Disciplinary Literacy for Literature and for Teaching Literature

Literary Literacy practices 1. Seeking patterns

2. Identifying moments of strangeness, surprise and confusion

3. Articulating an interpretive puzzle

4. Recursively considering possibilities (reading and re- reading)

5. Considering contexts (histories of use and other contexts)

6. Making an original, text-based claim

Literary literacy teaching approaches 1. Posing a puzzle

2. Constructing a puzzle 3. Considering possibilities 4. Making claims

5. Inquiry process

Table 3-2: Summary of Findings by Rainey (2015, 2016)
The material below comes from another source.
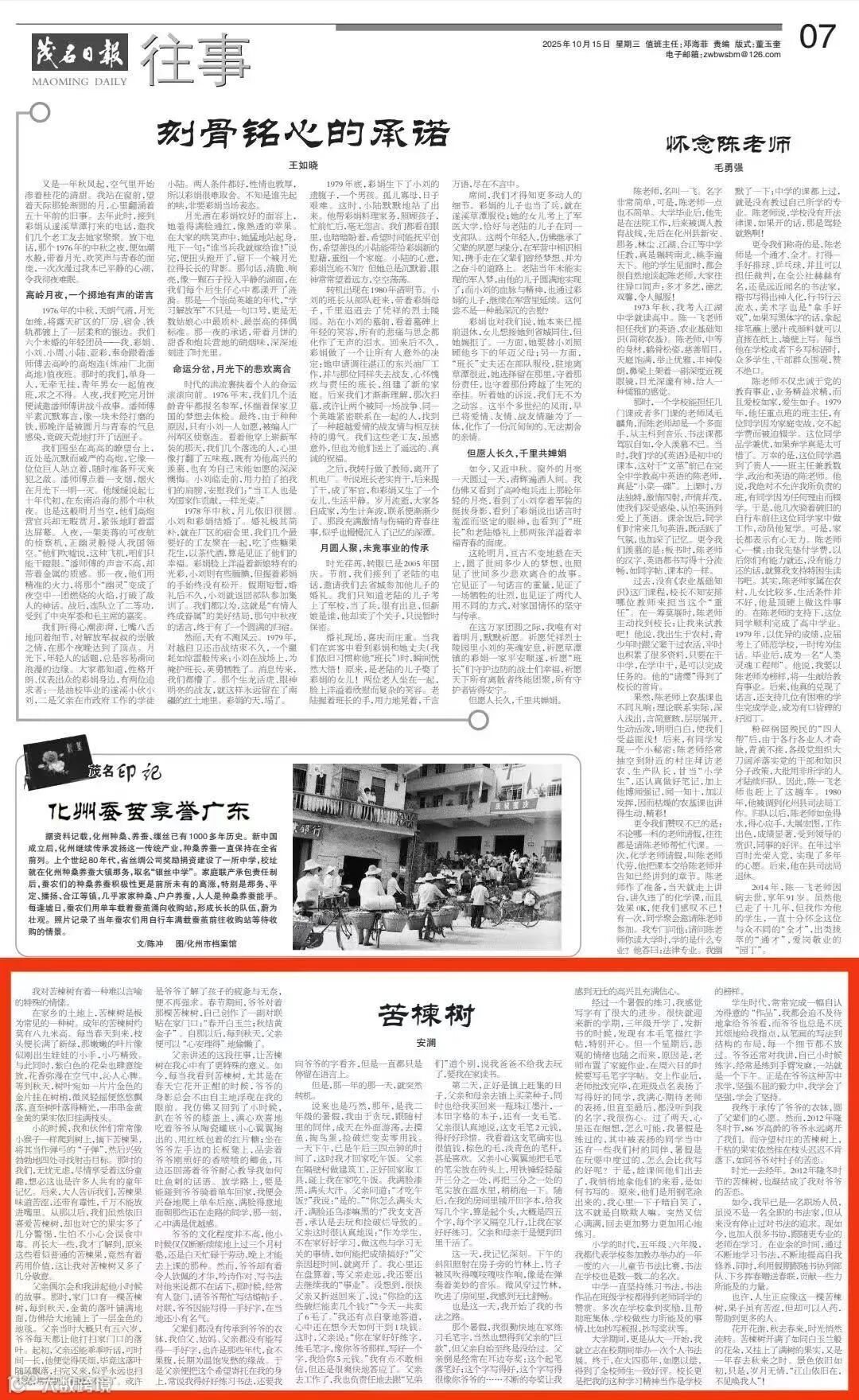 近日,天福员工张培年以笔名 “安澜” 创作的散文《苦楝树》,成功登载于《茂名日报》,用细腻笔触勾勒岁月故事,不仅展现个人文化素养,更折射出天福鼓励员工多元发展、涵养人文精神的品牌氛围。

Rainey’s descriptions of expert literary readers and their teaching are reinforced by another recent project, design-based research aimed at understanding the practices of constructing literary interpretation (Goldman, Britt, Brown, George, Greenleaf, Lee, and

Shanahan, 2016). This project drew upon Lee’s (2007) cultural modeling instructional method of rooting new concepts in students’ everyday linguistic practices. The iterative work of designing curriculum and teaching students the procedures of literary argumentation led to the development of five core constructs for literary reading (see Table 3-3).

Aspects of Expert Reading of Literature

1. Epistemology: drawing from the work of Lee (2016), the project defines three fields of knowledge that literature makes possible. Literature makes it possible to explore the human condition; literature is a platform for interactions between the text and “communities of readers who dialogue with one another within and across time”; and meaning is found in the relationship between form and content (p. 228).

2. Inquiry practices and strategies: Literary work involves developing interpretations. The authors draw upon Rabinowitz (1987)’s synthesis of literary reading strategies for rules of notice, signification, configuration, and coherence – “the knowledge readers bring before they open a book and that authors assume readers will bring” (p. 228).

3. Overarching concepts and frameworks: The authors synthesize several decades of literary theory to identify the “targets of interpretation” (p. 228), the various kinds of “problems” literary readers solve in texts (such as “problems of point of view…figuration, and structure”) in order to derive the meaning of the text. Literary readers work to know the text on three levels: within the language of a text, within critical frameworks, and among different texts.